On the whole, this revival production bows to the die-hard fans, hardly changing a word or step from the original movie. That does pose certain challenges, notably re-creating scenes in tricky locations – designer Stephen Brimson Lewis’s solution of projection screens is a solid (if filmic) shortcut, although the log and water training sequences are unintentionally farcical – and selling the cheesy dialogue, which is even more endearingly clunky when we’re racing through brief movie-style scenes. On the plus side, it gives the evening a frenetic energy, but it does mean the cast has to switch between heightened emotional beats at the speed of light, seldom given time to get their teeth into the drama.

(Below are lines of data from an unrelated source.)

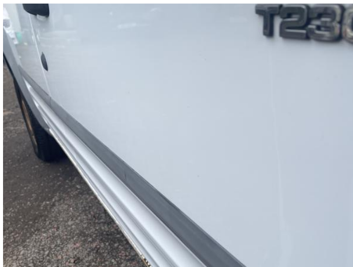
4: Door osf Dented Over 30mm
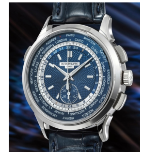
98 Patek Philippe A rare and attractive white gold ... Estimate 30,000 — 60,000 CHF
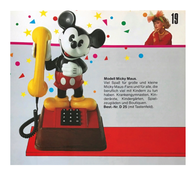
Fig. 3: Advertisement catalogue of the Bundespost in the 1980s.

Introduced by the Bundespost in June 1980, the Mickey Mouse Telephone proved to be the most important telephone within the extended offer in terms of distribution, societal significance and representation of the zeitgeist. The phone, officially named DFeAp 322 by the Bundespost, therefore embodied the tensions between the neoliberal and the Keynesian state-centred style of regulation in the telecommunication sector, the tensions within society between sociocultural norms of conformity and individualism or freedom of choice, and the tensions between the old analogue technology and the promises of digital communication.<sup>43</sup> The Mickey Mouse Telephone was an icon of 'individualistic' US culture, reflecting society's needs, desires and values in the early 1980s.44 Therefore it seemed the perfect choice for the Bundespost and the intended purpose of the series of design phones. The model was advertised as fun for young and old Mickey Mouse fans and a 'must have' for all those working professionally with children.45
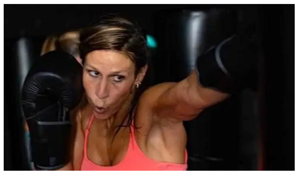
Conquer kickboxing ada
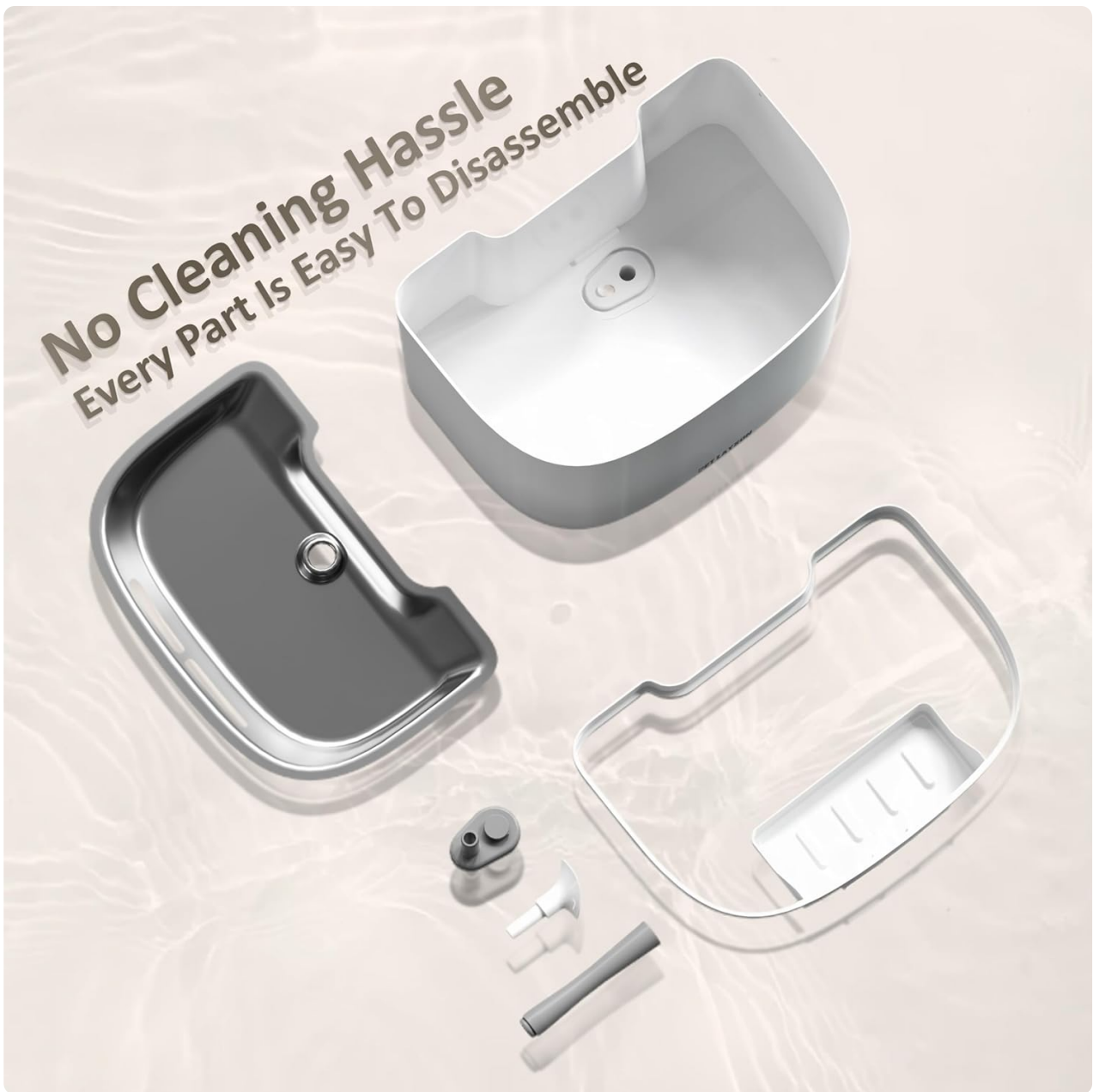
Image: Disassembled components of the PET LAYSON water fountain, including the main body, stainless steel tray, and internal parts, highlighting its easy-to-clean design.
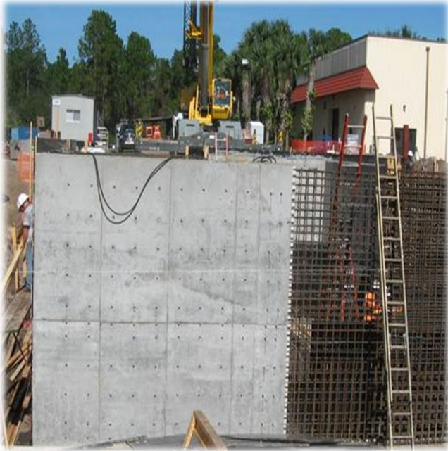
Walls of the EQ Tank
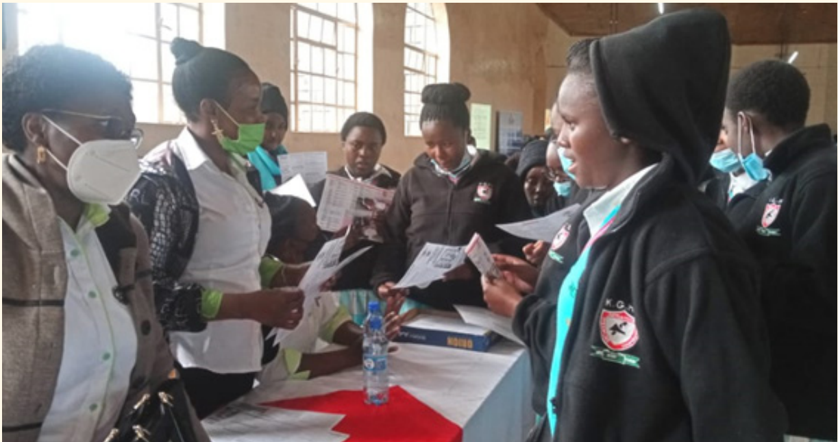
Murang'a University conducting career choices during Karima girls high school 8th annual Career Fair Day
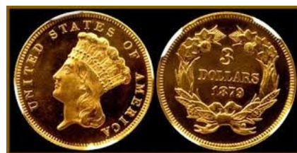
Fig. 2. Three-dollar gold coin (1854–1889). U.S. rare coin investments . http://www.usrarecoininvestments.com/coin_info/three_dollars.htm . Accessed 23 May 2015.
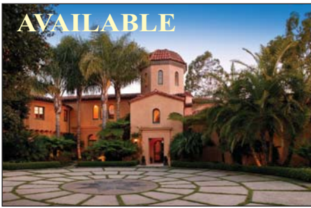
Las Entradas $17,950,000

Of course, all of this is forgivable if we’re thoroughly seduced by the central Romeo and Juliet love story, which speaks to the underappreciated teenager within. Jill Winternitz, making her West End début, has the right wide-eyed eagerness for Baby and a quirky comic flair, particularly in the convincingly awkward early attempts at dancing, but her rather flat delivery hampers her in the meatier scenes. Paul-Michael Jones as Johnny also struggles to pull off the earnestly hammy speeches, lacking Swayze’s ability to distract with natural swagger and smouldering sex appeal, but impresses with his crisp, dynamic movement, particularly in the all-important closing number. The pair find a decent chemistry, which will hopefully develop further over the run.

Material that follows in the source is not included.